Présenté en octobre dernier par Elisabeth Moreno (ministre déléguée chargée de l’égalité entre les femmes et les hommes, de la diversité et de l’égalité des chances), ce plan d’action repose sur 4 axes :

1) La reconnaissance des droits des personnes LGBT+

La promesse faite par E. Macron d’ouvrir la PMA aux couples de femmes et aux femmes célibataires est réaffirmée est reprise, comme faciliter la reconnaissance de la filiation pour la mère « sociale » pour les enfants nés avant l’adoption de la loi relative à la bioéthique. Une évaluation de la loi justice de 2016 sur la procédure de changement de la mention du sexe à l’état civil est prévue, ainsi qu’une étude comparée avec les pays de l’UE. La mise en oeuvre dans la loi bioéthique de dispositions concernant les personnes intersexes. A ces mesures qui ne sont pas nouvelles, et qui dépendent beaucoup des débats au Parlement et de l’activisme des anti-PMA (comme au Sénat dernièrement), s’ajoutent des démarches internationales contre les nouvelles législations LGBTphobes (UE comprise), des campagnes de communication, le soutien aux associations (via des appels à projets déconcentrés).

2) Le renforcement de leur accès aux droits

Cet axe affirme beaucoup d’accès pas si... accessibles que cela. Beaucoup de mesures s’appuient sur des modules de formation à dispenser, de la sensibilisation, du soutien à des enquêtes, guides et brochures, campagnes... Elles concernent essentiellement : le droit réel à l’adoption, la mise en oeuvre d’une application mobile de témoignages et d’information des droits des victimes, une sensibilisation de toutes les professions médicales à la non-discrimination des personnes vivant avec le VIH et une meilleure prise en charge des demandes de ces personnes par le secteur bancaire et les assurances. Une prise en charge respectueuse, notamment gynécologique, des lesbiennes et femmes bisexuelles. Et une réflexion par la Haute autorité de la santé (HAS) sur une prise en charge respectueuse des droits des personnes trans dans leurs parcours de transition.

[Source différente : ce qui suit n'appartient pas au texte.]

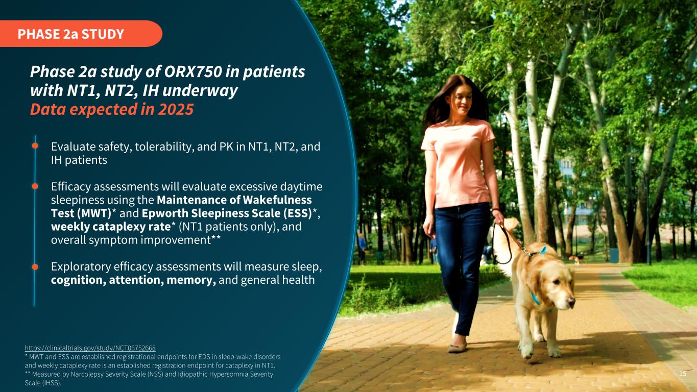 SAD Cohorts MAD Cohorts Placebo (n=15) ORX750 1.0 mg (n=9) ORX750 2.0 mg (n=9) ORX750 2.5 mg (n=9) ORX750 3.5 mg (n=9) ORX750 5.0 mg (n=9) Placebo (n=6) ORX750 2.0 mg (n=8) ORX750 3.0 mg (n=8) ORX750 4.0 mg (n=8) Any TEAE, n (%) 4 (27) 3 (33) 3 (33) 1 (11) 0 3 (33) 3 (50) 4 (50) 4 (50) 6 (75) Related Nonrelated 4 (27) 1 (7) 0 3 (33) 2 (22) 2 (22) 1 (11) 0 0 0 2 (22) 2 (22) 1 (17) 3 (50) 4 (50) 2 (25) 2 (25) 2 (25) 5 (63) 3 (38) Mild Moderate Severe 4 (27) 0 0 3 (33) 0 0 3 (33) 0 0 1(11) 0 0 0 0 0 3 (33) 0 0 3 (50) 0 0 4 (50) 0 0 4 (50) 0 0 4 (50) 2 (25) 0 TEAEs leading to discontinuation, n (%) 0 0 0 0 0 0 0 0 0 0 Serious TEAEs, n (%) 0 0 0 0 0 0 0 0 0 0 Frequently reported AEs associated with other OX2R agonists Insomnia Urinary frequency/urgency Visual disturbances Hepatotoxicity Blood pressure increased 0 1 (7) 0 0 0 0 0 0 0 0 0 0 0 0 0 0 0 0 0 0 0 0 0 0 0 0 1 (11) 0 0 0 1 (17) 0 0 0 0 2 (25) 1 (12) 0 0 0 0 1 (12) 0 0 0 0 2 (25) 0 0 0 No cases of hepatotoxicity, cardiotoxicity, visual disturbances or hallucinations observed No clinically significant treatment- emergent changes in hepatic and renal parameters, vital signs or electrocardiogram (ECG) parameters INTERIM PHASE 1 DATA 14 As of December 5, 2024 data cutoff date. Phase 1 Study is ongoing with 95 subjects exposed across the full study. Treatment-emergent adverse event (TEAE). Safety data from Sleep Study Cohorts was consistent with SAD. TEAEs are reported by maximum severity. Nonrelated includes unlikely related and not related. Related includes probably and possibly related. 2 moderate AEs were reported at 4.0 mg (toothache and vasovagal syncope); both were deemed unrelated. 4.0 mg MAD dose has comparable drug exposure to 5.0 mg SAD dose. ORX750 Demonstrated a Favorable Safety and Tolerability Profile with 95 Unique Subjects Exposed
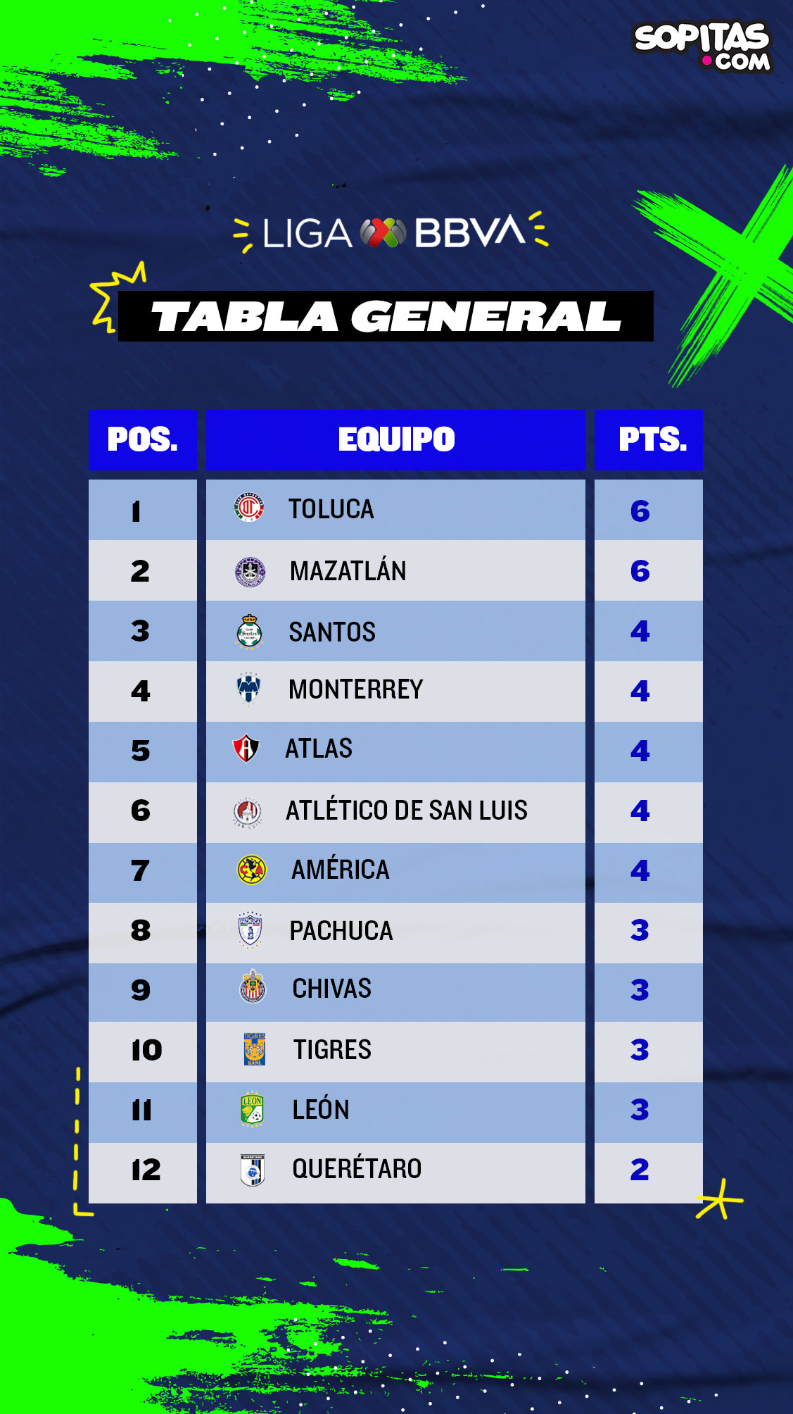 Que Toluca y Mazatlán le tomen una foto a la tabla general en estos momentos, pues comparten el liderato después de dos jornadas. Tanto el equipo mexiquense como el sinaloense han ganado sus dos primeros partidos y el ‘Chorizo Power’ es el equipo con más pólvora, después de hacerle tres a Tigres y tres a Juárez en la primera jornada.

3) La lutte contre la haine anti-LGBT+

Là encore, des mesures pour assurer le droit fondamental (peu respecté vu les chiffres et témoignages) reconnu de ne pas être discriminé... Un site dédié « Eduquer contre les LGBTphobies », avec la création dans chaque académie d’un observatoire de la haine anti-LGBT+. Le développement d’un réseau de référent-es spécialisés ou de service d’accueil « police/gendarmerie » et la formation continue des référent-es à la prise en compte des victimes d’actes anti-LGBT+ au sein des commissariats de police, brigades de gendarmerie et pôle anti-discriminations des parquets. Diffusion d’outils pratiques aux parquets pour une meilleure application du Code du sport aux comportements de haine anti-LGBT+ dans les enceintes sportives. Dispositions adaptées pour lutter contre les thérapies dites « de conversion » et les sanctionner.

4) L’amélioration de la vie quotidienne

Facilitation de l’utilisation de la civilité et du prénom d’usage pour les personnes trans dans les documents administratifs non officiels pour les agents comme pour les usagers. Poursuite de l’adaptation des formulaires administratifs pour inclure les familles homoparentales. Elaboration d’un guide sur l’accueil des élèves et étudiant-es trans à destination de l’ensemble du personnel. Protection des personnes victimes de violences conjugales au sein des couples LGBT+. A ces mesures s’ajoutent celles qui concernent les discriminations au travail, avec beaucoup de sensibilisation au programme, des enquêtes sur l’inclusion des salarié-es LGBT+ en entreprise...

Il affiche 42 objectifs et des mesures transverses, soit nouvelles soit existantes mais « amplifiées ».

Côté budget, on ne voit dans le plan que celui de la DILCRAH (Délégation Interministérielle à la Lutte contre le Racisme, l’Antisémitisme, et la Haine anti-LGBT) de 1,5 M € : le même budget reconduit depuis 2017... Il reste donc beaucoup à faire, et le temps de mettre en place toutes les mesures prévues, 2023 sera déjà là.